* **TASK TO CARRY OUT**: Among the entries below, find the line with "細粒 砥石の目の細かい面は、", then quote it and each following line up to and including the line with "透明高脚红酒杯、斜口带把醒酒器套装", and nothing else.
··· DATA ···
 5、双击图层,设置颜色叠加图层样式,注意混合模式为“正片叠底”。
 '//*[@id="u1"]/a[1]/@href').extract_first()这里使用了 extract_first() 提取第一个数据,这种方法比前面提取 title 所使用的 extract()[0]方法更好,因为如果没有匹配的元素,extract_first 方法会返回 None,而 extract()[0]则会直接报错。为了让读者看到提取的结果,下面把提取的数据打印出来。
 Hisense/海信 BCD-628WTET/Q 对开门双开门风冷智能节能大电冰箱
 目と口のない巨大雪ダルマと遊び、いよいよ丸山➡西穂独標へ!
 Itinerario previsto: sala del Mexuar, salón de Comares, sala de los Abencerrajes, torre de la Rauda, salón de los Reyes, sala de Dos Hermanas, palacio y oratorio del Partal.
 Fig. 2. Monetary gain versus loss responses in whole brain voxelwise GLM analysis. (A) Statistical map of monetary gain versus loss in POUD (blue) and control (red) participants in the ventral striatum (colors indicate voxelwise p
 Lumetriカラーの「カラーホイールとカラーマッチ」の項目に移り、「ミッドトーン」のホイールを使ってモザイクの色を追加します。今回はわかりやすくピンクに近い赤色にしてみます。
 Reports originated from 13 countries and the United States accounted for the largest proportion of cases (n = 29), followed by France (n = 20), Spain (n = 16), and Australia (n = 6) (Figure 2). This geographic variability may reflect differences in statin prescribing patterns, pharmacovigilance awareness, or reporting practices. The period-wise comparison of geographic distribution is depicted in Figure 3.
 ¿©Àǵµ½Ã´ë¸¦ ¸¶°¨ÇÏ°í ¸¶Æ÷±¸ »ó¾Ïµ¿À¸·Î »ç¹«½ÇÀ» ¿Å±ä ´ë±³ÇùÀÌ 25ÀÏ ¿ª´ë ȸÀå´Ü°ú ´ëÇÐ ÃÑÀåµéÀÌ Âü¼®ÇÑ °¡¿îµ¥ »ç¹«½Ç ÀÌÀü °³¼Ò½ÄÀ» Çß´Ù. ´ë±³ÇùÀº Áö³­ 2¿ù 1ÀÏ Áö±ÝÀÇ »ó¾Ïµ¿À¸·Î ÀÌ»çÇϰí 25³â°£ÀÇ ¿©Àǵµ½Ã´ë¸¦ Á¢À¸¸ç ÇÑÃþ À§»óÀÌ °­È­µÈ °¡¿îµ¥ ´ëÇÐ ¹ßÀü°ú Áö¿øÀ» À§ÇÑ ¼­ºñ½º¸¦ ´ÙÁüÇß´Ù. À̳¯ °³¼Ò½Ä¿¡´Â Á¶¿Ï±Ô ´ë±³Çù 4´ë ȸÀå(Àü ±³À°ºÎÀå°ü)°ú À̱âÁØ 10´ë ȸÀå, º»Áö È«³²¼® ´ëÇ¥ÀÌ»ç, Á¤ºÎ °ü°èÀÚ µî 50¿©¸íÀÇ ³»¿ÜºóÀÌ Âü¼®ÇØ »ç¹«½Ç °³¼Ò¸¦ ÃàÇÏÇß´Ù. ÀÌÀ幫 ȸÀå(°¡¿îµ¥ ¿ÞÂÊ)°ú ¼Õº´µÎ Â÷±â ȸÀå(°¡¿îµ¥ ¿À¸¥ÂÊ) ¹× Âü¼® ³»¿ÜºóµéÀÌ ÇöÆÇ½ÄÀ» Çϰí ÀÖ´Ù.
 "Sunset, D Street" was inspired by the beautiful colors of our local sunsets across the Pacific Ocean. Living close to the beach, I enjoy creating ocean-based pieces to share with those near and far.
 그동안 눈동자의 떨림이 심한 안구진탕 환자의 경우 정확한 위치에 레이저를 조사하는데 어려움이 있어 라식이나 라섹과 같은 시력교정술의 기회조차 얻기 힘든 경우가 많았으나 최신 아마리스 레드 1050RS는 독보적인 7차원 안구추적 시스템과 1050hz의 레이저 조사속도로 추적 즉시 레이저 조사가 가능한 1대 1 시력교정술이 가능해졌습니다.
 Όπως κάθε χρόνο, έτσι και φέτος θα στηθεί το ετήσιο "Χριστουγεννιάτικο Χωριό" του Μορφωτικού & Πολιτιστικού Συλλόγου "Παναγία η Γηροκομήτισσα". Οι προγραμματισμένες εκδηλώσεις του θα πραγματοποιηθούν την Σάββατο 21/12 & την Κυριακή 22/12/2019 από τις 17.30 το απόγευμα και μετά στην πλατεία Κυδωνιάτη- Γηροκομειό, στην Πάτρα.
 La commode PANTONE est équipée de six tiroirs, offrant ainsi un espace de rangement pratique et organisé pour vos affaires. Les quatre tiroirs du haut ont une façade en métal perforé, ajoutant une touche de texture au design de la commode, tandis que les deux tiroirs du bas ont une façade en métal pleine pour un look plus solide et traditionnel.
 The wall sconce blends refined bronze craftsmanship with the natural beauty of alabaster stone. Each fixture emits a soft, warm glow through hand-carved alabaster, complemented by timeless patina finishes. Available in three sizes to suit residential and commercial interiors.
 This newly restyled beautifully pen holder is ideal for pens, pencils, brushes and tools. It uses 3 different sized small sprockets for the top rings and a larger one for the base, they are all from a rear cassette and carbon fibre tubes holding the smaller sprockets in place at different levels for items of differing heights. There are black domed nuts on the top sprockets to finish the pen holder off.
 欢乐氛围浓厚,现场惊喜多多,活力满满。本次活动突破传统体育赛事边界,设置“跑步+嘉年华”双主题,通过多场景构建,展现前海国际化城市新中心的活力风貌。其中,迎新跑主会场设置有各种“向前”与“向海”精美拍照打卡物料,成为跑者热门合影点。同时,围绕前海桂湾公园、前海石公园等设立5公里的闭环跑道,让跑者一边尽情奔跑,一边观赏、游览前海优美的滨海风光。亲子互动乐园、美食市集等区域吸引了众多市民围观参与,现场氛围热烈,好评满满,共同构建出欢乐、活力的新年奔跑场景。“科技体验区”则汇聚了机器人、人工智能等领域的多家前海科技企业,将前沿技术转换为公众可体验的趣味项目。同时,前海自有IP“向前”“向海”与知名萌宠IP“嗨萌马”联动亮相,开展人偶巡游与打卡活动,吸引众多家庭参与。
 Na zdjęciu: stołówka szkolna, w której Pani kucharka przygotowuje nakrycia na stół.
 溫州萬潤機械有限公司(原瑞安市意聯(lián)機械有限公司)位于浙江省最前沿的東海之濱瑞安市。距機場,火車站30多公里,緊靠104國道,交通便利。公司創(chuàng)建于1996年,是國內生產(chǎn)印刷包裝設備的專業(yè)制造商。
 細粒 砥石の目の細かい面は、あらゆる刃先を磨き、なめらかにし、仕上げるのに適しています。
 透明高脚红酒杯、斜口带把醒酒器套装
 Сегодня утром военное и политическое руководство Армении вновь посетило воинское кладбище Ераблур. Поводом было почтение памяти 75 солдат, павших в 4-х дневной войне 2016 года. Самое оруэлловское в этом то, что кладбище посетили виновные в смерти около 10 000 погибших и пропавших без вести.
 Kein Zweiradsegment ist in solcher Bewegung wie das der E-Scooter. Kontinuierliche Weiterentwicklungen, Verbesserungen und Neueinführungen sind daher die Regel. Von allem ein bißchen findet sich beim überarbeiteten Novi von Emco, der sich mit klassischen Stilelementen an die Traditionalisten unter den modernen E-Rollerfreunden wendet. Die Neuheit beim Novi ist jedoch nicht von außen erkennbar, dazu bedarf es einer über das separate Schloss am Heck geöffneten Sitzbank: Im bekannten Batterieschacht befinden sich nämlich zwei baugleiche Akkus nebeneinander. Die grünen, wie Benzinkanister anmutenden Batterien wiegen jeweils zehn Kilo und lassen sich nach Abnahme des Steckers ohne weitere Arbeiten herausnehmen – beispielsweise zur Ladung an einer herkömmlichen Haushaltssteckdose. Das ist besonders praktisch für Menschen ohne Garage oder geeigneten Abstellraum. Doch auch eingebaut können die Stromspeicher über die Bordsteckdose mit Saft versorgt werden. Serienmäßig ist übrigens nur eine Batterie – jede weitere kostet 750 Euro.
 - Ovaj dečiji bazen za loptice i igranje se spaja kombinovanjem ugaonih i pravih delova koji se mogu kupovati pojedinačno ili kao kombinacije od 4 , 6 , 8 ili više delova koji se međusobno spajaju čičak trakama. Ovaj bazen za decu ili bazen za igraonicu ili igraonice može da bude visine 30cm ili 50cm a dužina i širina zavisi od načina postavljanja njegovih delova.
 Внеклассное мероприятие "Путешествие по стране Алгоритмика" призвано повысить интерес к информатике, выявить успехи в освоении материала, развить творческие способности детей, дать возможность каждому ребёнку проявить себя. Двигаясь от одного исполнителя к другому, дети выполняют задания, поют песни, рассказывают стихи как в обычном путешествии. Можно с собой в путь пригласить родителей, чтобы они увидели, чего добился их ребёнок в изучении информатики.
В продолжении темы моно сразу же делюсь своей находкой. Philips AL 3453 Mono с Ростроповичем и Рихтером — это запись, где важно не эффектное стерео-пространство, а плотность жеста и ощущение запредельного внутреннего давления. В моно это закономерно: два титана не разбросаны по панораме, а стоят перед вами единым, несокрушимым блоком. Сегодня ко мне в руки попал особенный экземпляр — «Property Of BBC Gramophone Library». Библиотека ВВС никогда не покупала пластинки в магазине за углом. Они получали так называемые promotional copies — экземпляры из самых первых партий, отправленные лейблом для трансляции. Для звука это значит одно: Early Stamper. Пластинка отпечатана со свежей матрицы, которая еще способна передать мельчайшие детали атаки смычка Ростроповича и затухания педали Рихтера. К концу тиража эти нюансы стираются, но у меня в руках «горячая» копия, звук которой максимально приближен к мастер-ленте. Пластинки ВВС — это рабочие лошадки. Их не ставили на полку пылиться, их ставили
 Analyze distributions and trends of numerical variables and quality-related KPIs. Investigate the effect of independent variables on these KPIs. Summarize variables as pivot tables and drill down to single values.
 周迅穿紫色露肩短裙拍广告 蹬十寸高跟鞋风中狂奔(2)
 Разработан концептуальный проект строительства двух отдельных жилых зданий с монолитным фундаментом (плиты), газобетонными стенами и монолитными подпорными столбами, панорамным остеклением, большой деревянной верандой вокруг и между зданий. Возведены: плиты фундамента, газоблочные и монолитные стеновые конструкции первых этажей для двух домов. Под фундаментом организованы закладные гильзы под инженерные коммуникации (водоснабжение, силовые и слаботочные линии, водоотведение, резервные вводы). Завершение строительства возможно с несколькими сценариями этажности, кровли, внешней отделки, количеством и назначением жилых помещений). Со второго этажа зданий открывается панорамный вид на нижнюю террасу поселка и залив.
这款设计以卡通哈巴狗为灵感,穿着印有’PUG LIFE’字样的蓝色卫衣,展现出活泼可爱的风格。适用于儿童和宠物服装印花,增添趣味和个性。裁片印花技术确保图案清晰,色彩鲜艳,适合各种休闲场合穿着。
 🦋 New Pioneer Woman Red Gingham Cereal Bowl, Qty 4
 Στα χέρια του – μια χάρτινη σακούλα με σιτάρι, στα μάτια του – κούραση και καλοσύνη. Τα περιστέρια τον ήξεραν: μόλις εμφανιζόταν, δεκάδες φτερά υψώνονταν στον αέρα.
···
* **TASK SOLUTION**:
 細粒 砥石の目の細かい面は、あらゆる刃先を磨き、なめらかにし、仕上げるのに適しています。
 透明高脚红酒杯、斜口带把醒酒器套装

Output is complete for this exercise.